CUENTO Corazón miniatura | Liz Magenta

Algunas veces mientras tostaba chiles y tomates, le gustaba ver la nube de humo blanco que se alzaba por su casa, aunque le picoteara la garganta, le gustaba creer por un segundo que estaba en el cielo, entre las nubes que a veces soñaba.

Los pies desnudos acarician la superficie del piso en busca de los huaraches. Todavía somnolienta, Silvia imagina que se eleva, que se va lejos, volando sobre los cerros del pueblo para librarse por siempre de las labores diarias. Pero el sueño es frágil y se desvanece al canto del gallo. De un salto reconstruye los cristales rotos que son su cuerpo, se echa encima el delantal, une las puntas de sus trenzas y antes que el marido despierte, va y le prepara el desayuno.

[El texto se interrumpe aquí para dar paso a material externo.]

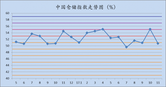中国物流与采购联合会与中储发展股份有限公司联合调查的2017年11月中国仓储指数为50.7%,较上月回落4.4个百分点。各分项指数中,除延伸业务量指数、企业员工指数较上月有所回升外...
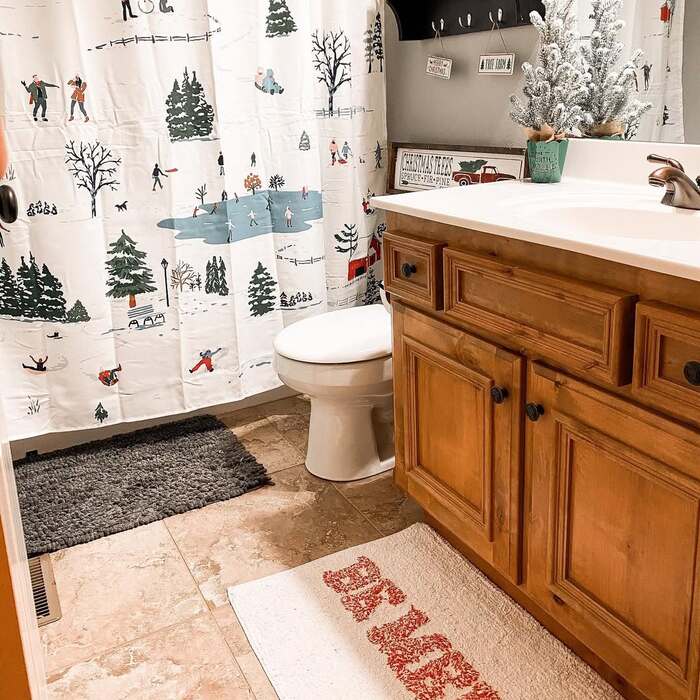 Sometimes the shower curtain can be the whole scene. I swapped in a winter village curtain that looks like a tiny skating rink party. It eats up visual space so the rest stays quiet. Wood cabinets keep it homey, and I added one snowy tree on the counter for balance. Two rugs make the floor feel layered and cozy for cold toes.

            Está servido, va hasta la cama y menea con temor el abultado cuerpo para despertarlo. Al sentir los empujoncitos de Silvia, Samuel abre los ojos negros que antes irradiaran inocencia y ahora sólo enojo, sólo miradas frías. Al fin logra desprenderse de las cobijas tibias. Un bostezo, el ceño fruncido, rugidos de hambre de un estomago alcohólico que olfatea el alimento. Se sienta a la mesa, devora. Se sumerge en si mismo, desde ese momento lo ignora todo, mucho más a la esposa, a la que sólo mirará cuando le pida más café, otra tortilla, más frijoles, chiles. Cuando termina de comer, se limpia la boca con un trozo de tortilla, lo arroja al plato con desdén, luego un “ya me voy” suficiente para ella, y sale a trabajar al campo como todos los días.
           Da el portazo, Silvia respira profundo, el estomago le crece un poco, deshace la pose, se entrega al confort de la silla, a la cómoda soledad y bebe con toda calma el café, como si un ser extraño e indeseable que se hubiera instalado, de pronto saliera de su casa. La comida a solas le sabe a gloria. Gloria que sólo dura hasta que los pies la llevan ante el lavadero con ropa y trastes sucios, que regresa cuando toma el camino al mercado, o cuando está en su cocina, ante el comal echando tortillas para ayudarse con los gastos del hogar, y es que para ella cocinar, era un ritual. Su cocina era el templo adornado por sus ollas, cazuelas, el brasero, el molcajete y todos los elementos que intervenían a la hora de hacer el rito del sabor.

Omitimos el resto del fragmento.